Fifty driven, accomplished students from eleven countries in Asia, Africa and the Middle East formed the inaugural cohort of the Harvard South Asia Institute’s Crossroads Summer Program. They are all first-generation college students – the first in their families to participate in higher education, many from challenging financial circumstances – and came together in the heat of Dubai from August 11-14, 2017.
The successful cohort was an even balance of male and female students, from diverse backgrounds. There was, for example, a young woman from Quetta, a city in Pakistan with the country’s lowest female literacy rate. Another student had worked as a garbage collector to pay his school fees.
These young people face challenges that are far beyond the experience of most Harvard students; their success fulfilled one of the main goals of the program. And as the video below shows, they also managed to have a little fun along the way.
Leading scholars from Harvard led the key sessions:
- Tarun Khanna is the Jorge Paulo Lemann Professor at the Harvard Business School and Director of the South Asia Institute at Harvard University.
- Karim R. Lakhani is Professor of Business Administration at the Harvard Business School, the Principal Investigator of the Crowd Innovation Lab and NASA Tournament Lab at the Harvard Institute for Quantitative Social Science and the faculty co-founder of the Harvard Business School Digital Initiative.
- Kristin E. Fabbe is an assistant professor in the Business, Government, and International Economy Unit.

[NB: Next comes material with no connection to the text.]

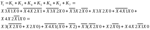 Для того, чтобы уменьшить количество логических элементов в схеме, упростим выражение минимальной ДНФ функции, группируя конъюнкции: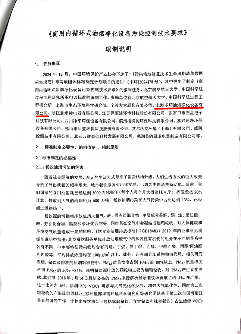 上海多環(huán)油煙凈化設備有限公司很榮幸與中國環(huán)境保護產(chǎn)業(yè)協(xié)會的專家教授及行業(yè)大咖們共同參與《商用內(nèi)循環(huán)式油煙凈化設備污染控制技術要求》編制工作!🔎每一次技術研討、每一條標準制定,都是對綠色餐飲、潔凈空氣的鄭重承諾。期待新標準早日落地,為行業(yè)規(guī)范賦能,讓油煙凈化更高效、更環(huán)保!

This unique program was a collaboration between the Harvard South Asia Institute, Harvard Business School Club of the Gulf Cooperation Council (GCC) and the Dubai International Financial Centre, with the support of Air Arabia, the Carlton Hotel, Dubai Future Accelerators, and Emirates Grand Hotel. It offered a fully-funded career development opportunity and introduction to top-level American university culture for students who might otherwise have their ambitions curtailed by circumstances beyond their control; with their dedication and conduct, these students showed very clearly the value of such opportunities.